عن رفاعة بن رافع رضي الله عنه أن النبي صلى الله عليه وسلم سئل أي الكسب أطيب؟ قال: يا قال : عمل الرجل بيده وكل بيع مبرور ،رواه البزار وصححه الحاكم
Dari Rifa’ah bin Rafi’ radhiyallahu 'anhu, bahwa Nabi shallallahu 'alaihi wasallam
ditanya:”Apakah pekerjaan yang paling baik/afdhol?” Beliau
menjawab:”Pekerjaan seorang laki-laki dengan tangannya sendiri (hasil
jerih payah sendiri), dan setiap jual beli yang mabrur. (Hadits riwayat al-Bazzar dan dishahihkan oleh al-Hakim rahimahumallah)
Takhrij Hadits:
Hadits ini shahih dengan banyaknya jalur periwayatannya.

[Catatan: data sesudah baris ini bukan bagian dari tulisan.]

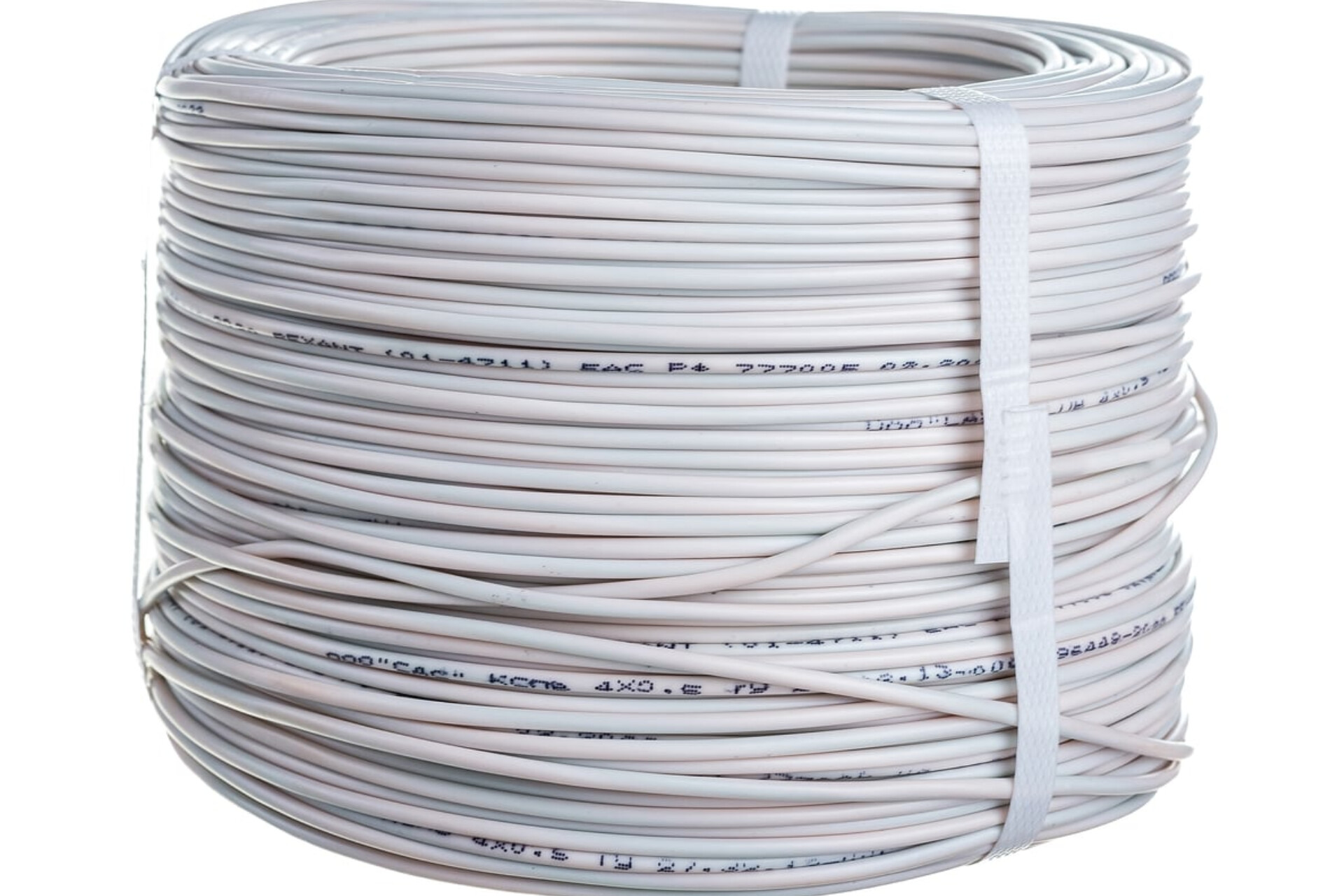 4 однопроволочные токопроводящие жилы диаметром 0,5 мм выполнены из меди и подвергнуты 100% отжигу, благодаря чему кабель становится мягче, что упрощает процесс монтажа и увеличивает срок службы.
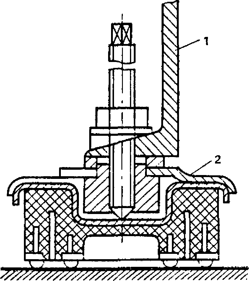 На рис. 1 изображена схема звукоизолирующего кожуха гвоздильных автоматов, конструкторская документация на который (КД N 82-046-083) имеется в Челябинском ЦНТИ. Ограждающие конструкции представляют собой металлические каркасы, обшитые стальным или алюминиевым листом толщиной 0,8 - 1,2 мм. Внутренние поверхности ограждающих конструкций оклеены поролоном, на опорные поверхности приклеена губчатая резина. Установка кожуха производится так, чтобы исключить касание с гвоздильным автоматом, маховик и клиноременная передача закрываются специальным ограждением, электродвигатель не закрывается. Снижение шума в результате применения кожуха составляет 13 - 16 дБА.

Ibnu Hajar al-‘Asqalani rahimahullah
berkata:”Diriwayatkan oleh al-Bazzar dan dishahihkan oleh al-Hakim”,
beliau berkata di dalam kitab beliau at-Talkhish:”Diriwayatkan oleh
al-Hakim dan ath-Thabrani, dan di dalam bab ini ada hadits juga dari Ali
bin Abi Thalib, Ibnu ‘Umar radhiyallahu'anhum. Hal itu disebutkan oleh Abi Hatim rahimahullah. Ath-Thabrani mengeluarkan (meriwayatkan) di dalam kitab al-Ausath hadits dari Ibnu ‘Umar radhiyallahu'anhuma, dan para perawinya La Ba’sa (tidak ada masalah)
Disebutkan di dalam kitab Bulughul Amani:”Diriwayatkan oleh Imam Ahmad rahimahullah
dan dikeluarkan oleh as-Suyuthi di dalam Jami’us Shaghir, dan
diriwayatkan oleh al-Baihaqi secara Mursal, dan dia berkata:’Inilah yang
mahfuzh Wallahu A’lam”.
Al-Haitsami rahimahullah berkata di
dalam kitab Majmau’z Zawaid setelah beliau menyebutkan bahwa hadits itu
memiliki banyak jalur periwayatannya, maka neliau berkata tentang
riwayat Imam ath-Thabrani:”Perawi-perawinya tsiqah (kuat)”. Dan berkata
tentang jalurnya Imam Ahmad:”Perawi-perawinya tsiqah (kuat)”.
Kosakata dalam hadits:
الكسب:mencari rizki dan mendapatkannya dengan berusaha dan kerja keras.
Kosakata dalam hadits:
الكسب:mencari rizki dan mendapatkannya dengan berusaha dan kerja keras.
أطيب :amalan paling afdhol/utama, paling banyak barokahnya dan paling halal untuk dimakan.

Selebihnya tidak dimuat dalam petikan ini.